======== Data

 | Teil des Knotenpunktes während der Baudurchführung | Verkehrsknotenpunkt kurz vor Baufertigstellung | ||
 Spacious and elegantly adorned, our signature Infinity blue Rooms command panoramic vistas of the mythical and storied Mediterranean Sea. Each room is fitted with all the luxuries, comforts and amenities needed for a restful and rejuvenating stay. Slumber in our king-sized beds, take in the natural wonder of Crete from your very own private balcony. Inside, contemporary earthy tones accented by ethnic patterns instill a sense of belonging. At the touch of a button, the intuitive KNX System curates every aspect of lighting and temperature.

================
======== Data

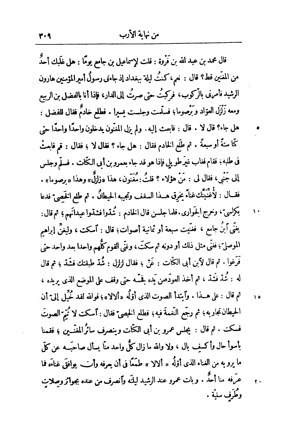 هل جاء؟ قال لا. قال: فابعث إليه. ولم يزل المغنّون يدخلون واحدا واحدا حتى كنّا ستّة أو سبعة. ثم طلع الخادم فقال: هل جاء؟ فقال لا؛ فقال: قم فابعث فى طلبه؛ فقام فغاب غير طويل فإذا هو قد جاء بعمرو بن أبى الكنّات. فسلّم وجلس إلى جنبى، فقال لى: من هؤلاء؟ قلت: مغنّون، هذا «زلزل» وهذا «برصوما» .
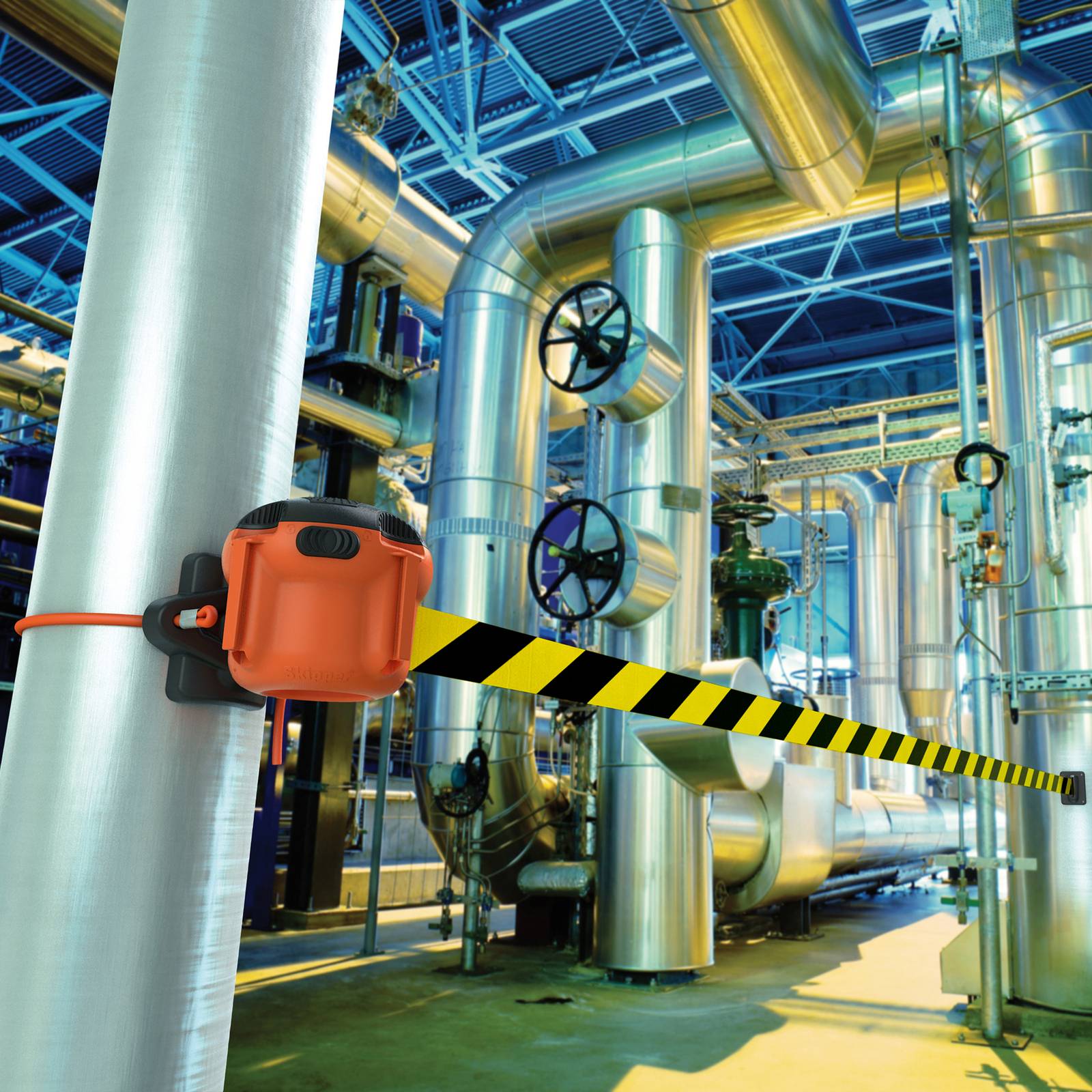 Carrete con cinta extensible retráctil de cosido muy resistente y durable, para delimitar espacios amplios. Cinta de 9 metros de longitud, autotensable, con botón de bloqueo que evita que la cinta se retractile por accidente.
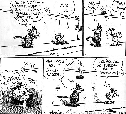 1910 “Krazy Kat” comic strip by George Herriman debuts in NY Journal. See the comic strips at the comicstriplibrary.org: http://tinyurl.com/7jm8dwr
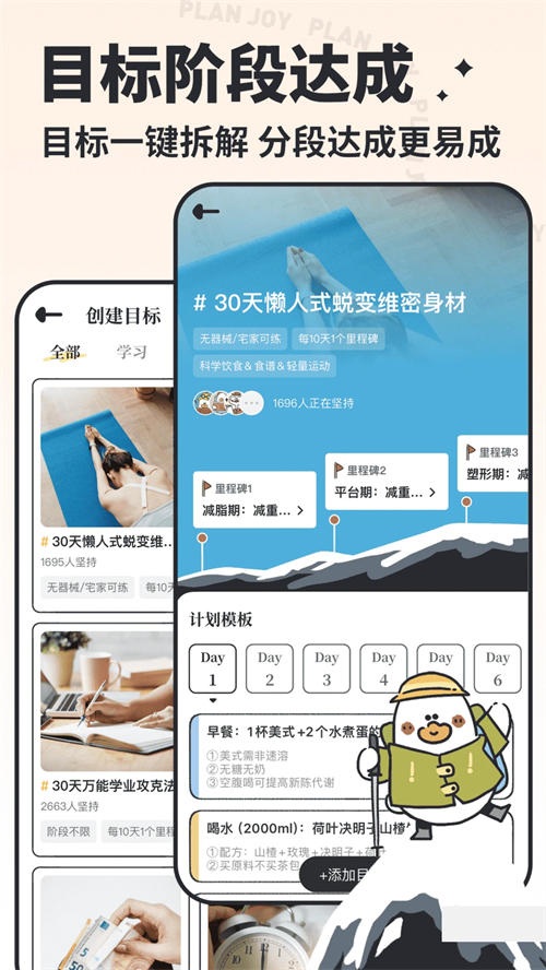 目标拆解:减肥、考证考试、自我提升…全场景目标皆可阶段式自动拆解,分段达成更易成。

================
======== Data

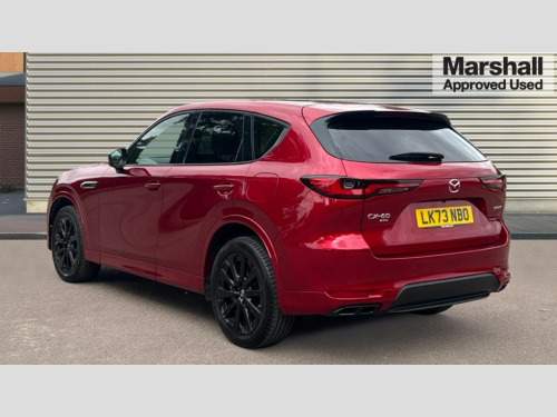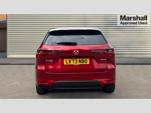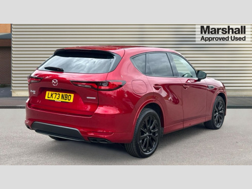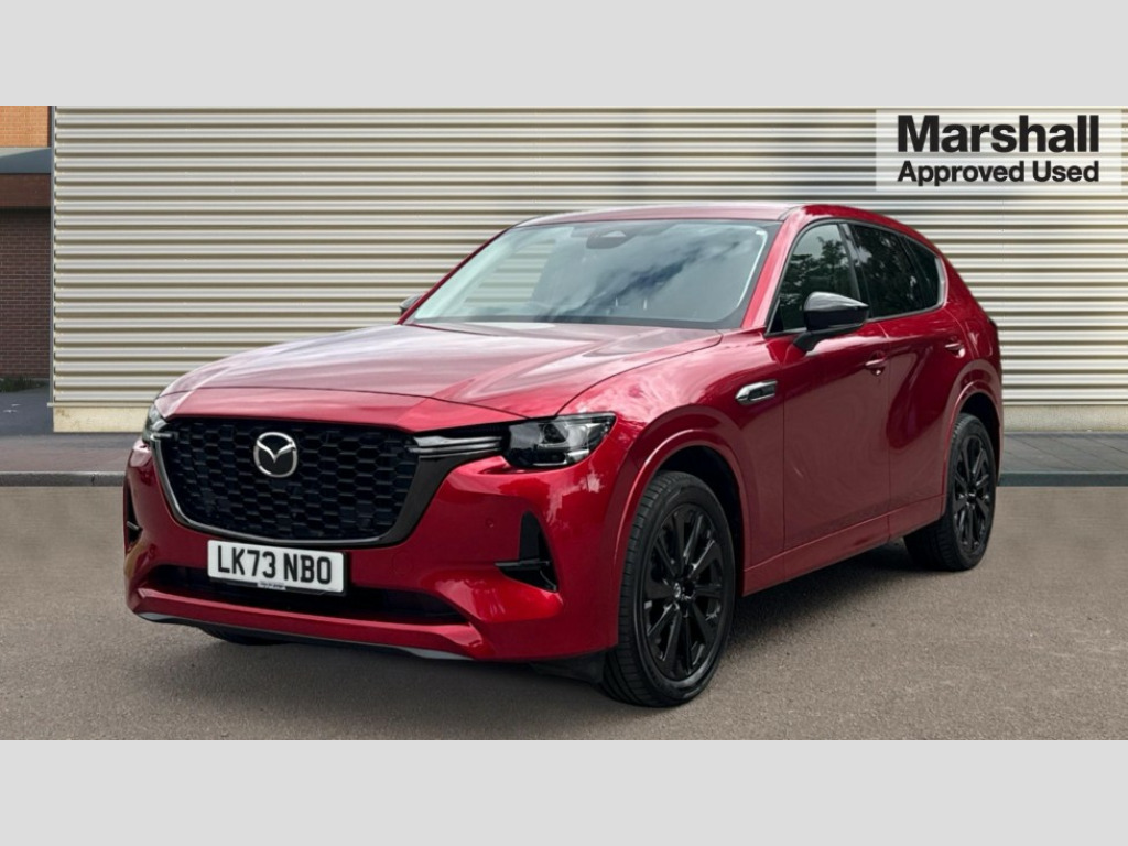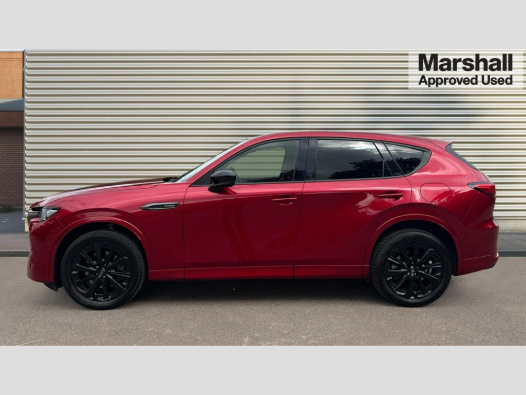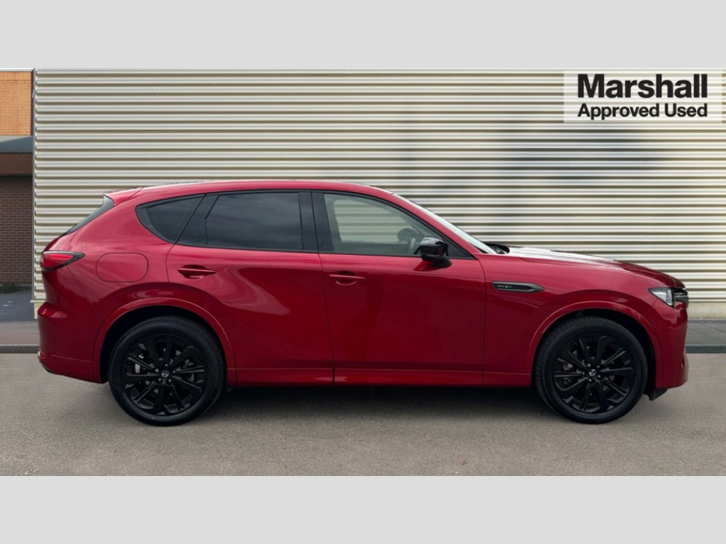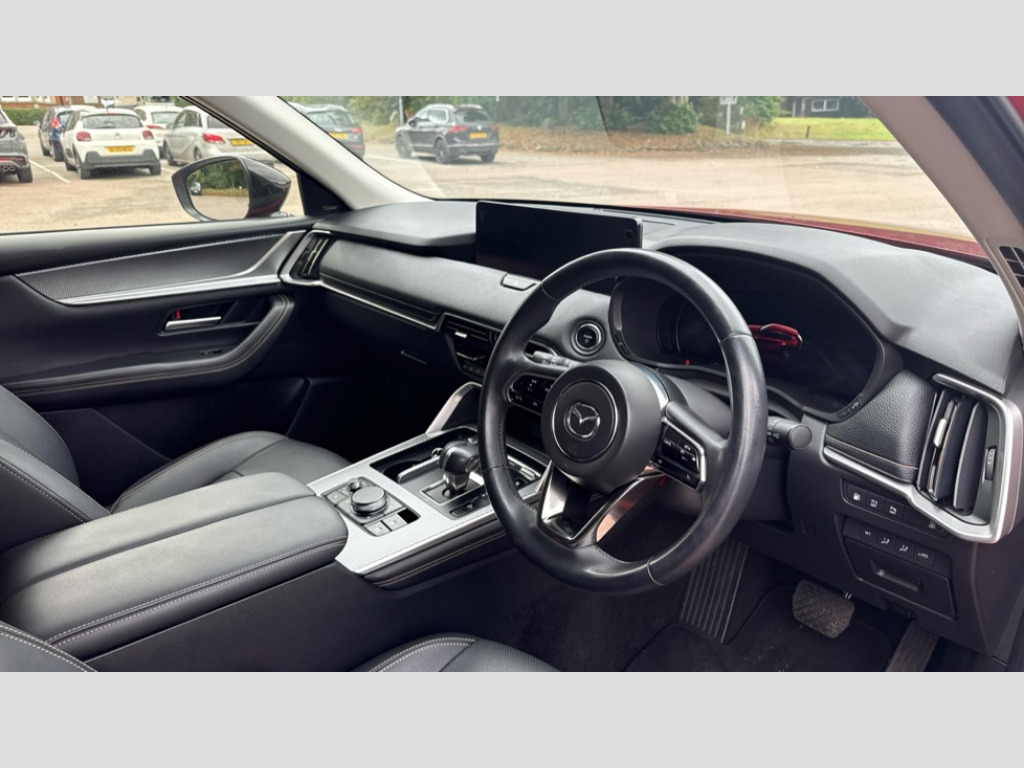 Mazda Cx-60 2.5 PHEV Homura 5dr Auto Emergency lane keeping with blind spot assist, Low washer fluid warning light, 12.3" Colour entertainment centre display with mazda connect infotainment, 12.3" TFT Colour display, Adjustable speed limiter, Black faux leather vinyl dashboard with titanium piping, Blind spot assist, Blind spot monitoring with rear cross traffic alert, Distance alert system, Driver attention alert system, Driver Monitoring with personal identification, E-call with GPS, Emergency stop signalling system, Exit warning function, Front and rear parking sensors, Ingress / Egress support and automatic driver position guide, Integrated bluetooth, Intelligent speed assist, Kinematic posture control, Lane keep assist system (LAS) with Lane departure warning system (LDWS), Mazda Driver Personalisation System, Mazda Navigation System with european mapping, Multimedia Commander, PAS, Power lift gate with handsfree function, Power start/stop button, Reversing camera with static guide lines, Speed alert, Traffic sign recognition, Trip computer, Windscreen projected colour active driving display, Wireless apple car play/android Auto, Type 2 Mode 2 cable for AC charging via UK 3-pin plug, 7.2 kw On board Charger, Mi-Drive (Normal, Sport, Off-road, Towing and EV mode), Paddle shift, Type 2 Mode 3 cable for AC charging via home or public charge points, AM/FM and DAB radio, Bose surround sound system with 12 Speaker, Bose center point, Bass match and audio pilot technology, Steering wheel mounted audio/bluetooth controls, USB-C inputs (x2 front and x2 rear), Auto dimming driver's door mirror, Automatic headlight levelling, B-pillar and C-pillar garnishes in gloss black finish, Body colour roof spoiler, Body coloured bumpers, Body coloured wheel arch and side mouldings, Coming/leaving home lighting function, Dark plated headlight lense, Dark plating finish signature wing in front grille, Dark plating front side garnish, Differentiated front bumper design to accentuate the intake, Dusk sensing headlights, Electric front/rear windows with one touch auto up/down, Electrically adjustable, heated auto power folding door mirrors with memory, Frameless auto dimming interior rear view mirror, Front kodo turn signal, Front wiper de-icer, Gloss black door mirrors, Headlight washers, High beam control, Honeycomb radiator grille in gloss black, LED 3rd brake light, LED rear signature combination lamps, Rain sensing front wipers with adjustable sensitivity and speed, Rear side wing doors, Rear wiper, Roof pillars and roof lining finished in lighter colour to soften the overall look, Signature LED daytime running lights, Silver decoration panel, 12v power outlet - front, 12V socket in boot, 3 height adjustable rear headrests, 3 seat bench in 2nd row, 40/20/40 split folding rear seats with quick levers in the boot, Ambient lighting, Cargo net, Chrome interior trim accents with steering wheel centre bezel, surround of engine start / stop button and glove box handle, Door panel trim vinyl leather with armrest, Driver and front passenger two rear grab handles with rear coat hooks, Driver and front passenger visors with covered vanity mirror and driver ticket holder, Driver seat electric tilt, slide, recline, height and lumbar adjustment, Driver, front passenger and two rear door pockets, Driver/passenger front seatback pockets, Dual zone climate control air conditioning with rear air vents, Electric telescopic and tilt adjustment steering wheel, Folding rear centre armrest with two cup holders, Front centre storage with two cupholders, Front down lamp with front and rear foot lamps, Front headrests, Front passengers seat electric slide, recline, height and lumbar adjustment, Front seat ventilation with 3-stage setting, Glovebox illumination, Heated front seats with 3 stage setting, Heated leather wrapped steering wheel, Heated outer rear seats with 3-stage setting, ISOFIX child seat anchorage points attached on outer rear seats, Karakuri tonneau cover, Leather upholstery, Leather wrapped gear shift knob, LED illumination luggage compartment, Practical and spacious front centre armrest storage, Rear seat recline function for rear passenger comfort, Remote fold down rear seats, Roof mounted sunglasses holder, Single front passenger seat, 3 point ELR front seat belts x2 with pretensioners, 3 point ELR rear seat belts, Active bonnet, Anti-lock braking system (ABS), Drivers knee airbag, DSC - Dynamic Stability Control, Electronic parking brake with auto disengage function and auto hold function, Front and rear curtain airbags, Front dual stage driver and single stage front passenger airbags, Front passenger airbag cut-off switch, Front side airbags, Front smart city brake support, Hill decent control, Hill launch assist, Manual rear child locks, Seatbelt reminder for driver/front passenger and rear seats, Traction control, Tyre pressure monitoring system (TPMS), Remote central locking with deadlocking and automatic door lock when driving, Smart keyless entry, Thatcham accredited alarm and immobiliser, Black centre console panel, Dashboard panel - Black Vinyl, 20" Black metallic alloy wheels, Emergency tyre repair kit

================

• What to work on
Between and including the line with "the comicstriplibrary.org: http://tinyurl.com/7jm8dwr" and the line with "目标拆解:减肥、考证考试、自", repeat every line exactly as it appears above, with pictures left out.

• Task solution
 1910 “Krazy Kat” comic strip by George Herriman debuts in NY Journal. See the comic strips at the comicstriplibrary.org: http://tinyurl.com/7jm8dwr
 目标拆解:减肥、考证考试、自我提升…全场景目标皆可阶段式自动拆解,分段达成更易成。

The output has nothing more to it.